Protein sequences classification by means of feature extraction with substitution matrices
1 LIMOS - Blaise Pascal University - Clermont University, BP 10448, Clermont-Ferrand 63000, France
2 LIMOS - CNRS UMR 6158, Aubière 63173, France
3 Department of Computer Science - FSJ - University of Jendouba, UMA Street, Jendouba 8100, Tunisia
4 URPAH - FST - University of Tunis El Manar, Academic Campus, Tunis 2092, Tunisia
5 Department of Computer Science - FSG - University of Gafsa, Campus of Sidi Ahmed Zarroug, Gafsa 2112, Tunisia
BMC Bioinformatics 2010, 11:175 doi:10.1186/1471-2105-11-175Published: 8 April 2010
This paper deals with the preprocessing of protein sequences for supervised classification. Motif extraction is one way to address that task. It has been largely used to encode biological sequences into feature vectors to enable using well-known machine-learning classifiers which require this format. However, designing a suitable feature space, for a set of proteins, is not a trivial task. For this purpose, we propose a novel encoding method that uses amino-acid substitution matrices to define similarity between motifs during the extraction step.
In order to demonstrate the efficiency of such approach, we compare several encoding methods using some machine learning classifiers. The experimental results showed that our encoding method outperforms other ones in terms of classification accuracy and number of generated attributes. We also compared the classifiers in term of accuracy. Results indicated that SVM generally outperforms the other classifiers with any encoding method. We showed that SVM, coupled with our encoding method, can be an efficient protein classification system. In addition, we studied the effect of the substitution matrices variation on the quality of our method and hence on the classification quality.
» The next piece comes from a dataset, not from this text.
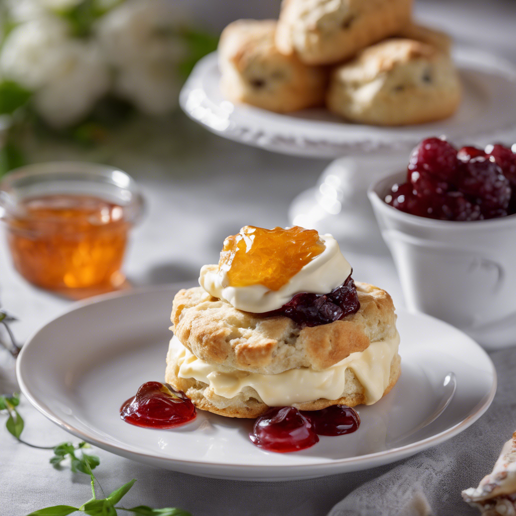 The history of scones with clotted cream and preserves dates back to the 11th century in Scotland, where they were originally made with oats and cooked on a griddle. Over time, the recipe evolved to include flour, butter, and baking powder, resulting in the light and fluffy scones we know today. The tradition of serving scones with clotted cream and preserves became popular in England, particularly in the Devon and Cornwall regions, where it became known as a cream tea. The best version of this dish can be found in quaint tea rooms in the English countryside, where expert bakers carefully craft the perfect scones and serve them with rich clotted cream and fruity preserves. The key to a delicious scone with clotted cream and preserves lies in the quality of the ingredients - the scones should be tender and buttery, the clotted cream thick and indulgent, and the preserves bursting with fruit flavor. While the traditional method of serving scones with clotted cream and preserves is timeless, some modern variations include adding a twist to the classic scone recipe with ingredients like chocolate chips or dried fruit.

We noticed that our method enables good classification accuracies with all the substitution matrices and that the variances of the obtained accuracies using various substitution matrices are slight. However, the number of generated features varies from a substitution matrix to another. Furthermore, the use of already published datasets allowed us to carry out a comparison with several related works.
The outcomes of our comparative experiments confirm the efficiency of our encoding method to represent protein sequences in classification tasks.